Data excerpts
- Opening Delimiter -
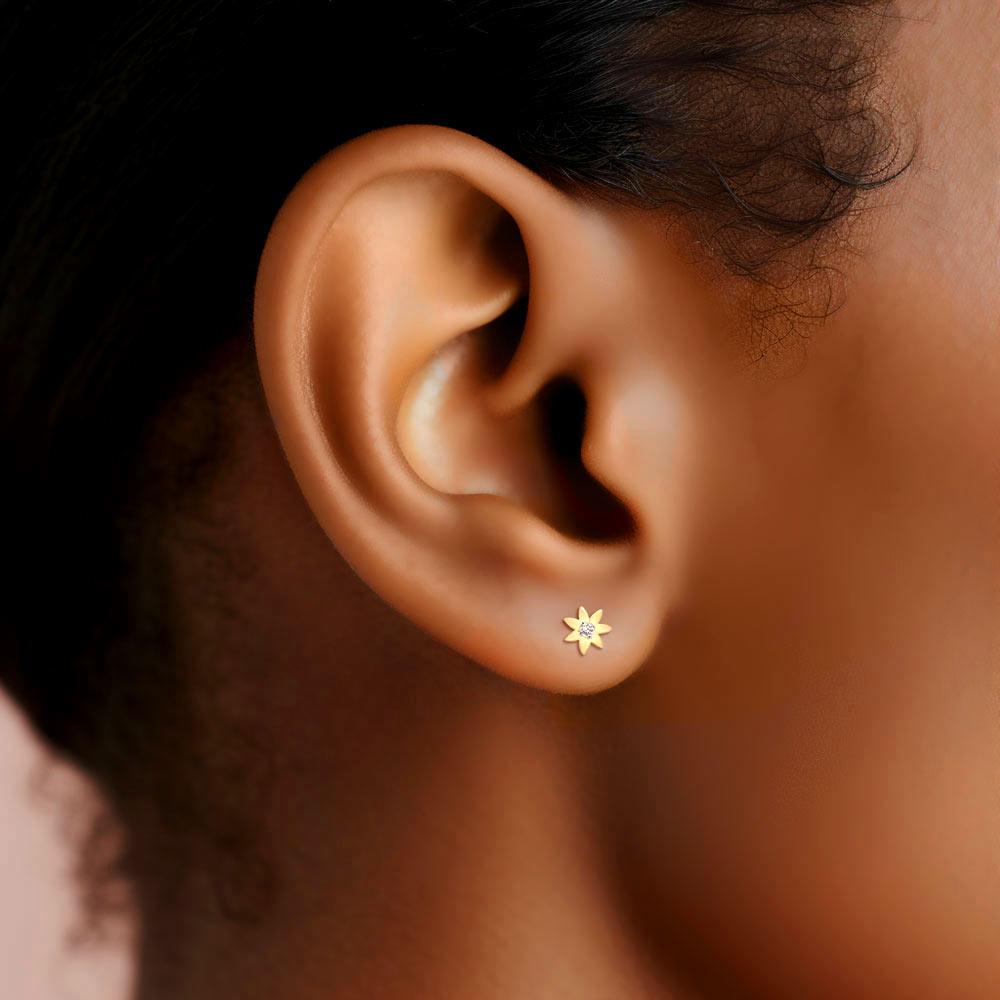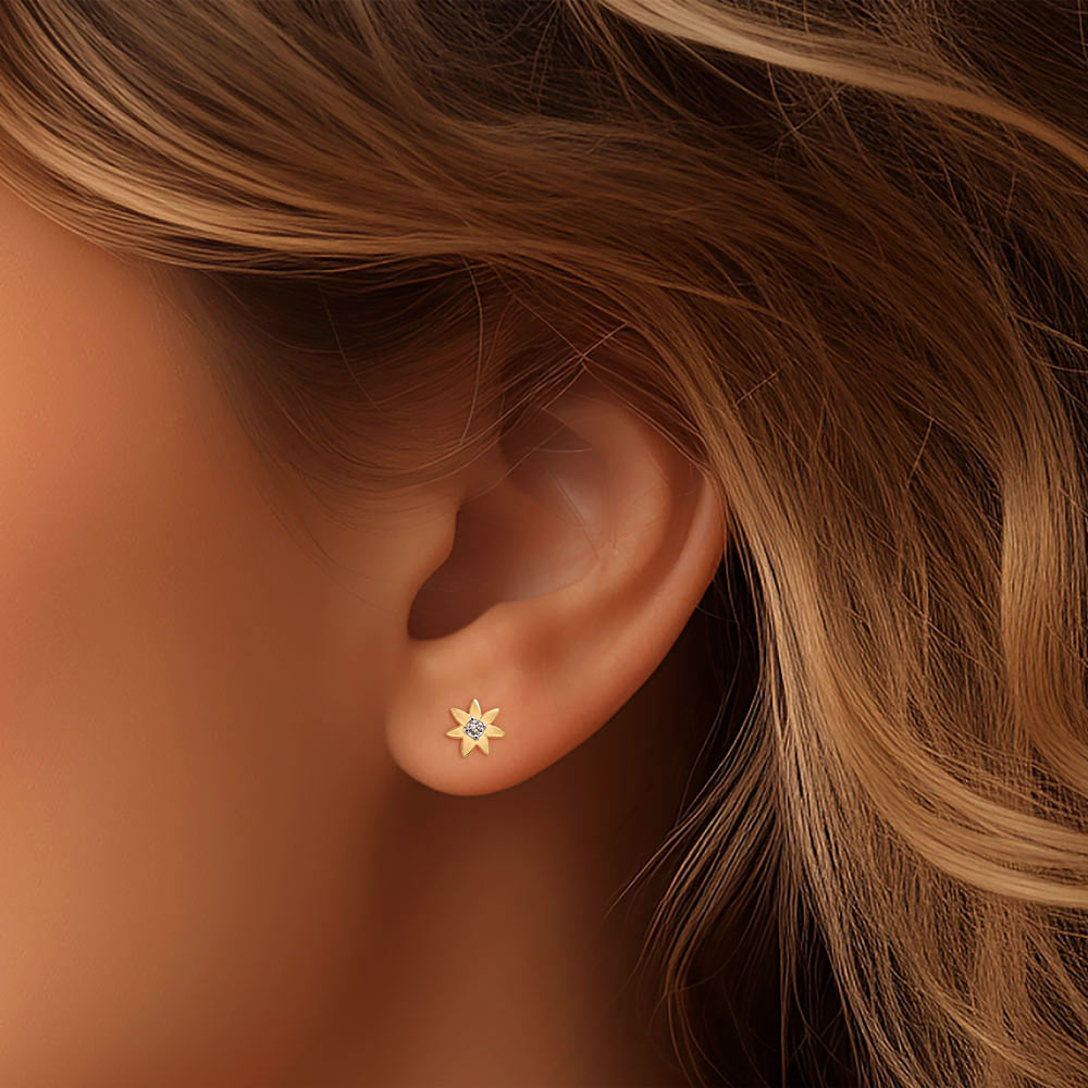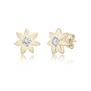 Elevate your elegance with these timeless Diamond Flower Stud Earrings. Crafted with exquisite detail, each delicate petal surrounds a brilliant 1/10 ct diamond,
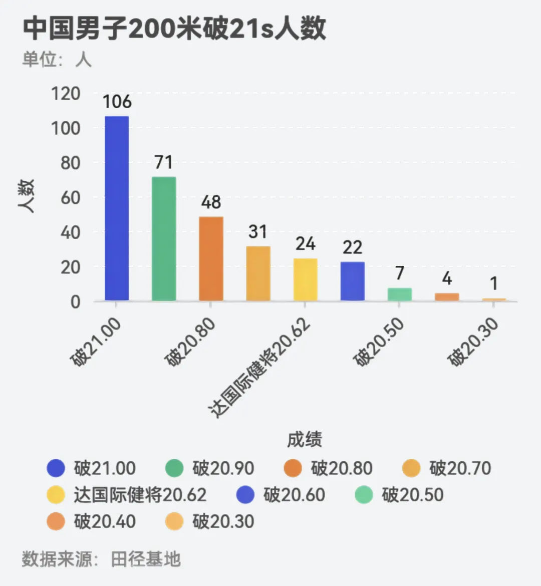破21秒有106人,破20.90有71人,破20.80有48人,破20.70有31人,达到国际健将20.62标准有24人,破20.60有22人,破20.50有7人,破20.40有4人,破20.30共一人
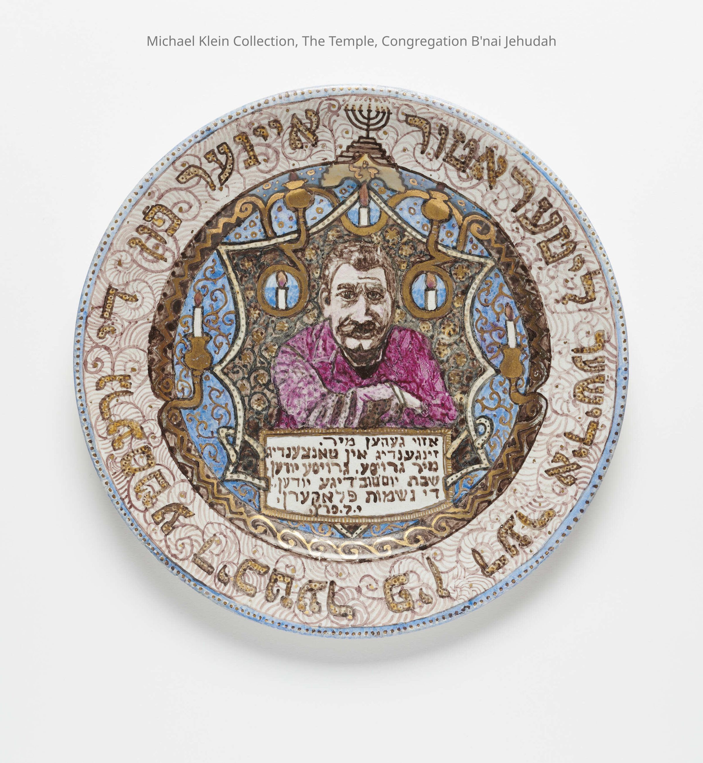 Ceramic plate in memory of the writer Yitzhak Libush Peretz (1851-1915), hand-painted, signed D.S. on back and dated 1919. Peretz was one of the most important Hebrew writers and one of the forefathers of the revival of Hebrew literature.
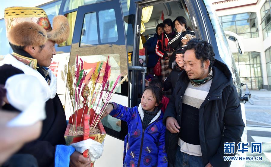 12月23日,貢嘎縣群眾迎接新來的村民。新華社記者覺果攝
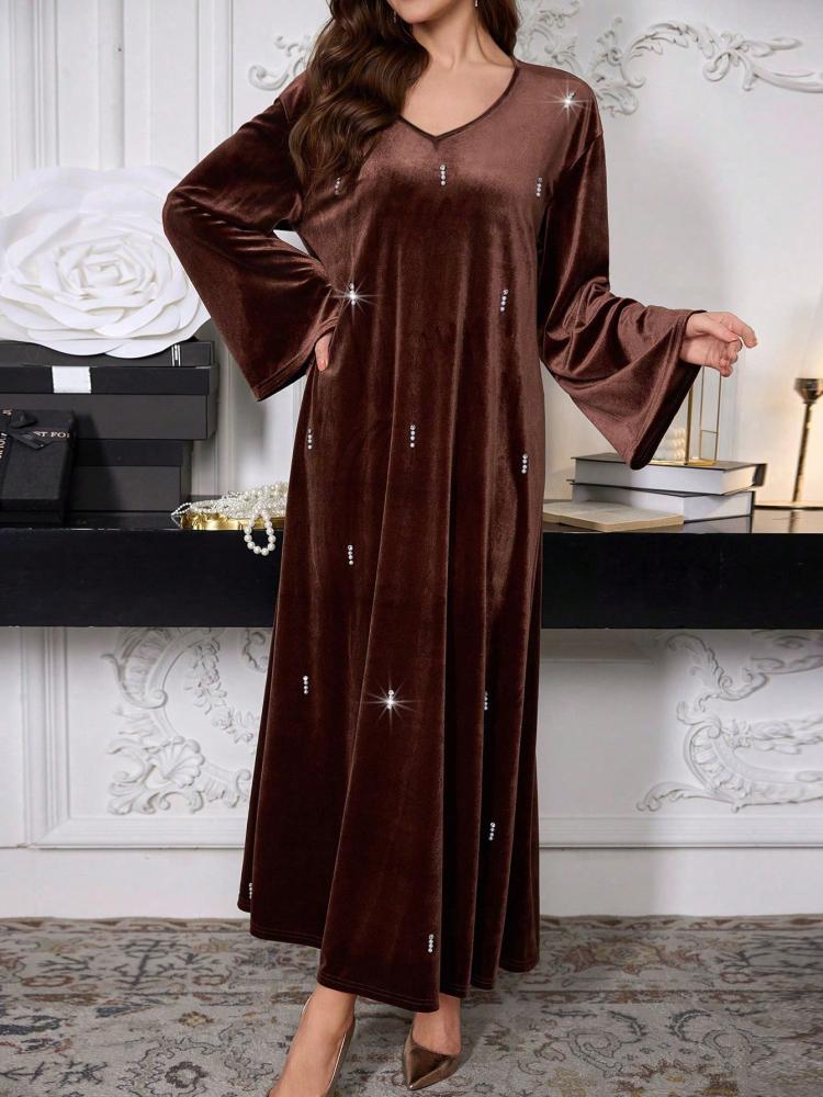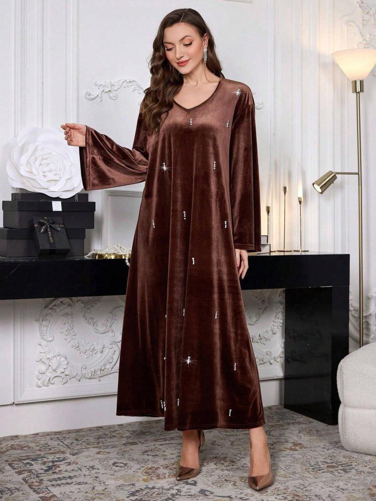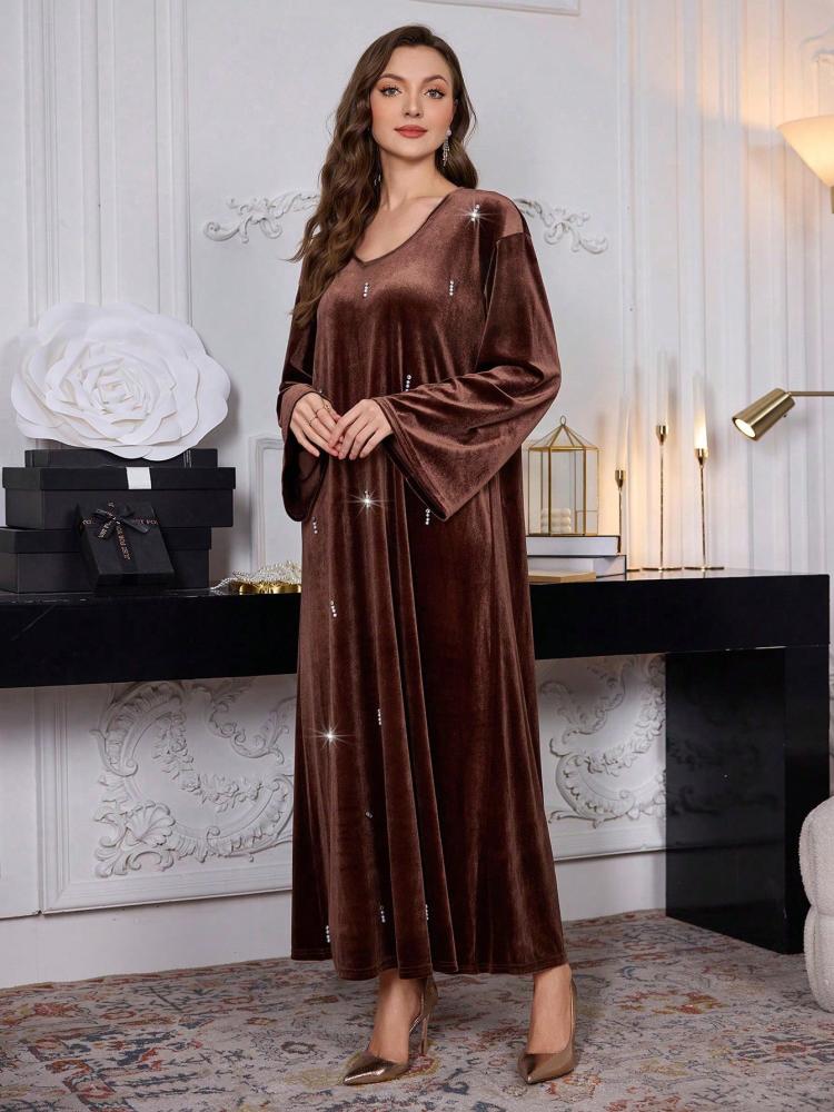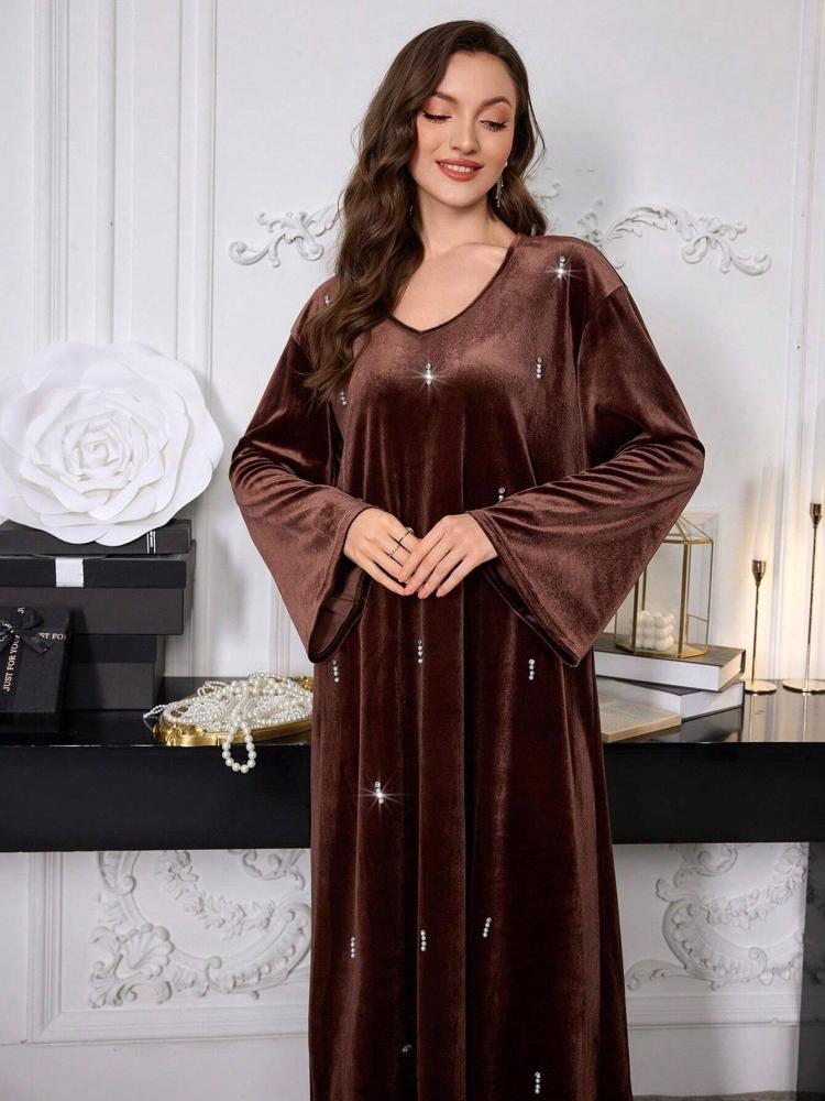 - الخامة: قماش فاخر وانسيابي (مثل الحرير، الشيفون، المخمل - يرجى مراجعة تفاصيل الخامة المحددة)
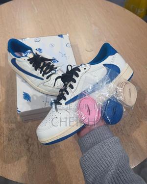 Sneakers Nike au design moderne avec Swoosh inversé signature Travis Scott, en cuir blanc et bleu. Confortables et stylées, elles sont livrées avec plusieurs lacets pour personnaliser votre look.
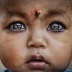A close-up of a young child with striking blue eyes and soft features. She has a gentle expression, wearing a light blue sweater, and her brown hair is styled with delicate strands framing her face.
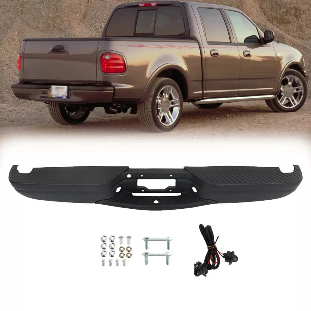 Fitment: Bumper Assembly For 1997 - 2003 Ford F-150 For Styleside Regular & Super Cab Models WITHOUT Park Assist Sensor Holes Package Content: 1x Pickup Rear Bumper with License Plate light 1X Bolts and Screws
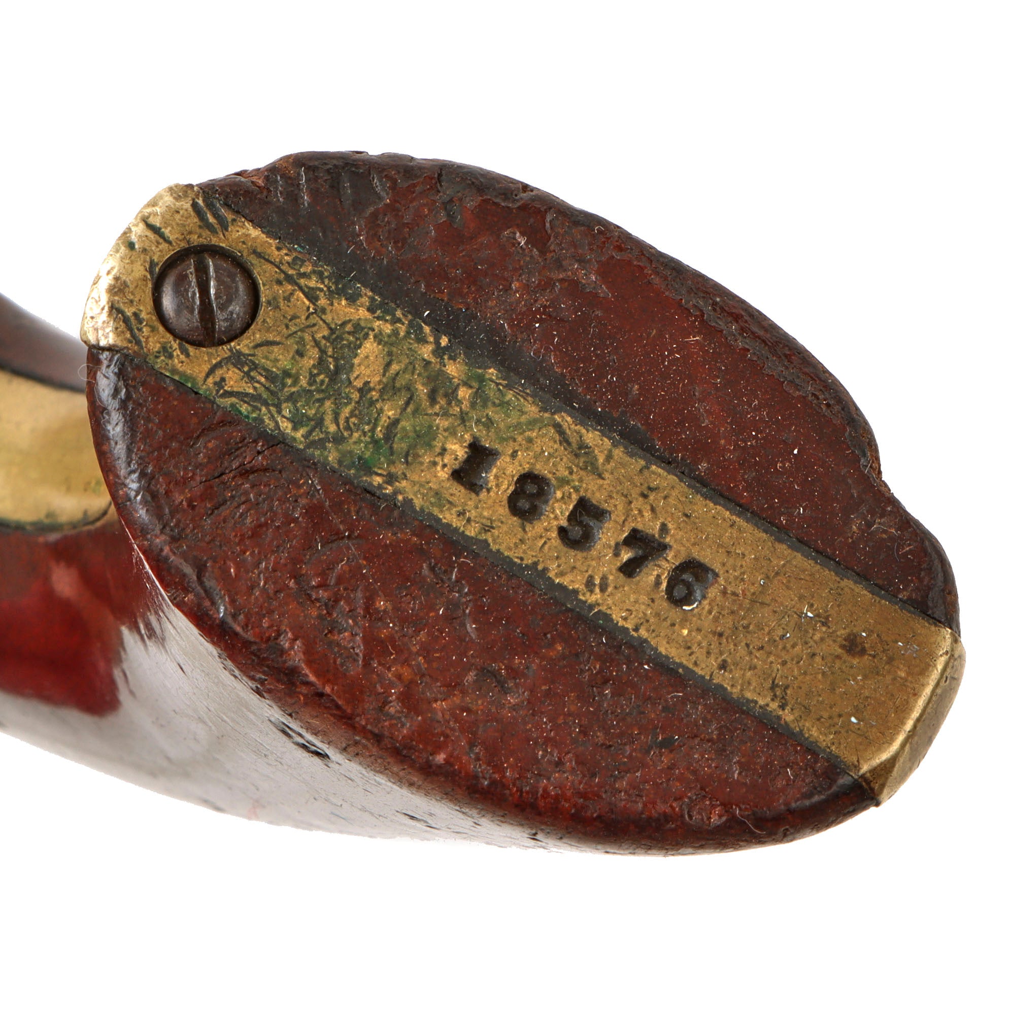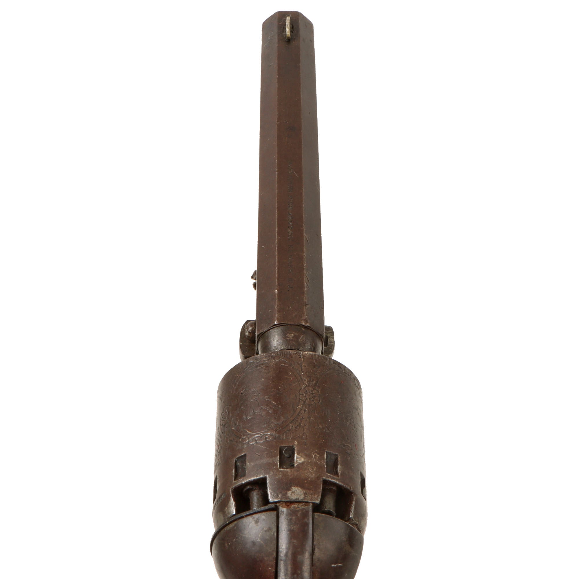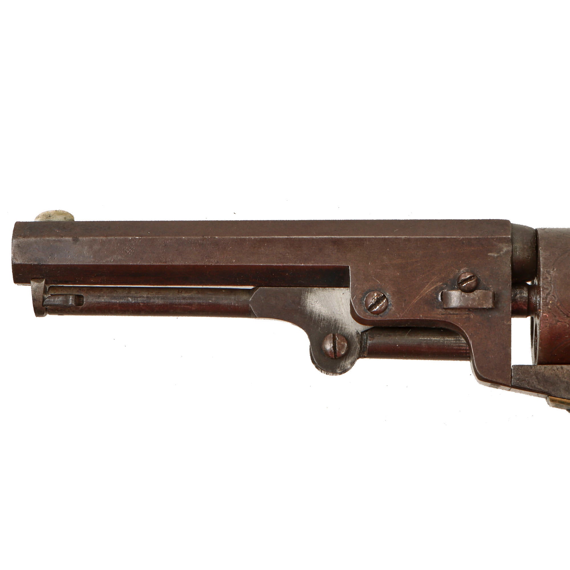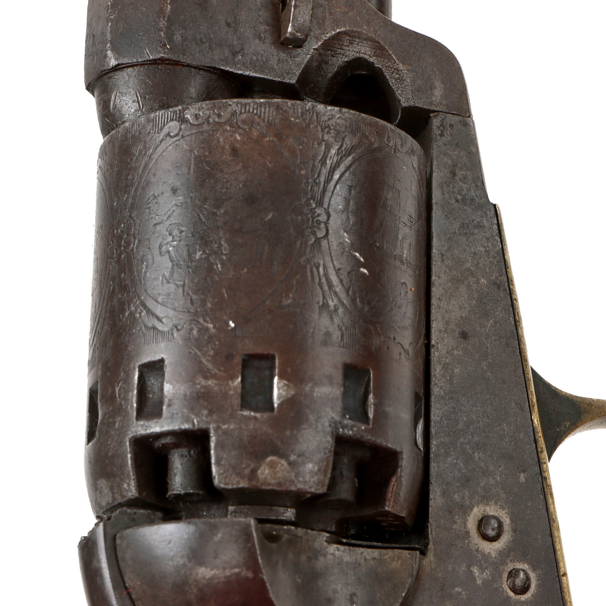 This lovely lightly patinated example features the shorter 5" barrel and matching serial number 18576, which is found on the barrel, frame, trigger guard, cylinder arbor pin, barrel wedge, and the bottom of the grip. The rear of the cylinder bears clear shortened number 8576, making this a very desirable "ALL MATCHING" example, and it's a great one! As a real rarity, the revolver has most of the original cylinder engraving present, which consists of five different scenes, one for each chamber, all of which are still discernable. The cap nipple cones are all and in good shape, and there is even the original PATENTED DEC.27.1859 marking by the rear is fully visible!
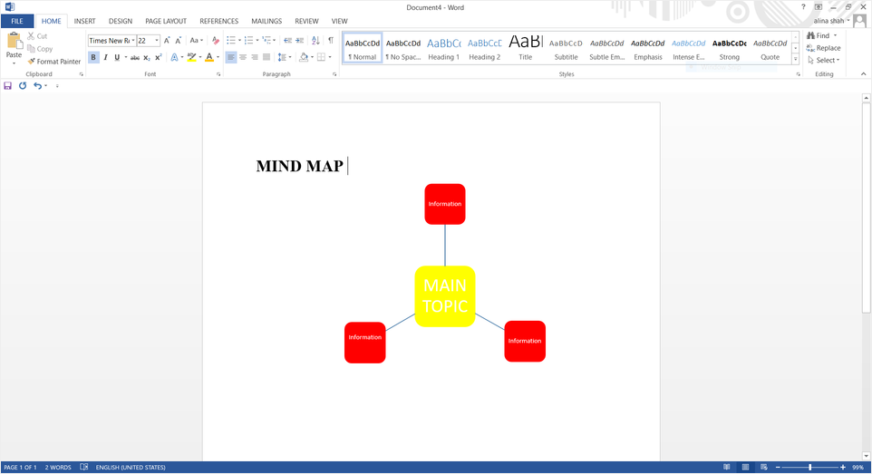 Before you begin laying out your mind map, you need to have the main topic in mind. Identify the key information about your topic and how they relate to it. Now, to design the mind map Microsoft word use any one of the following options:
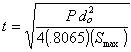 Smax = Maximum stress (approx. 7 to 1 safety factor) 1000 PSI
- Closing Delimiter -
Write all the entries again word for word, minus the pictures.

 Elevate your elegance with these timeless Diamond Flower Stud Earrings. Crafted with exquisite detail, each delicate petal surrounds a brilliant 1/10 ct diamond,
破21秒有106人,破20.90有71人,破20.80有48人,破20.70有31人,达到国际健将20.62标准有24人,破20.60有22人,破20.50有7人,破20.40有4人,破20.30共一人
 Ceramic plate in memory of the writer Yitzhak Libush Peretz (1851-1915), hand-painted, signed D.S. on back and dated 1919. Peretz was one of the most important Hebrew writers and one of the forefathers of the revival of Hebrew literature.
 12月23日,貢嘎縣群眾迎接新來的村民。新華社記者覺果攝
 - الخامة: قماش فاخر وانسيابي (مثل الحرير، الشيفون، المخمل - يرجى مراجعة تفاصيل الخامة المحددة)
 Sneakers Nike au design moderne avec Swoosh inversé signature Travis Scott, en cuir blanc et bleu. Confortables et stylées, elles sont livrées avec plusieurs lacets pour personnaliser votre look.
A close-up of a young child with striking blue eyes and soft features. She has a gentle expression, wearing a light blue sweater, and her brown hair is styled with delicate strands framing her face.
 Fitment: Bumper Assembly For 1997 - 2003 Ford F-150 For Styleside Regular & Super Cab Models WITHOUT Park Assist Sensor Holes Package Content: 1x Pickup Rear Bumper with License Plate light 1X Bolts and Screws
 This lovely lightly patinated example features the shorter 5" barrel and matching serial number 18576, which is found on the barrel, frame, trigger guard, cylinder arbor pin, barrel wedge, and the bottom of the grip. The rear of the cylinder bears clear shortened number 8576, making this a very desirable "ALL MATCHING" example, and it's a great one! As a real rarity, the revolver has most of the original cylinder engraving present, which consists of five different scenes, one for each chamber, all of which are still discernable. The cap nipple cones are all and in good shape, and there is even the original PATENTED DEC.27.1859 marking by the rear is fully visible!
 Before you begin laying out your mind map, you need to have the main topic in mind. Identify the key information about your topic and how they relate to it. Now, to design the mind map Microsoft word use any one of the following options:
 Smax = Maximum stress (approx. 7 to 1 safety factor) 1000 PSI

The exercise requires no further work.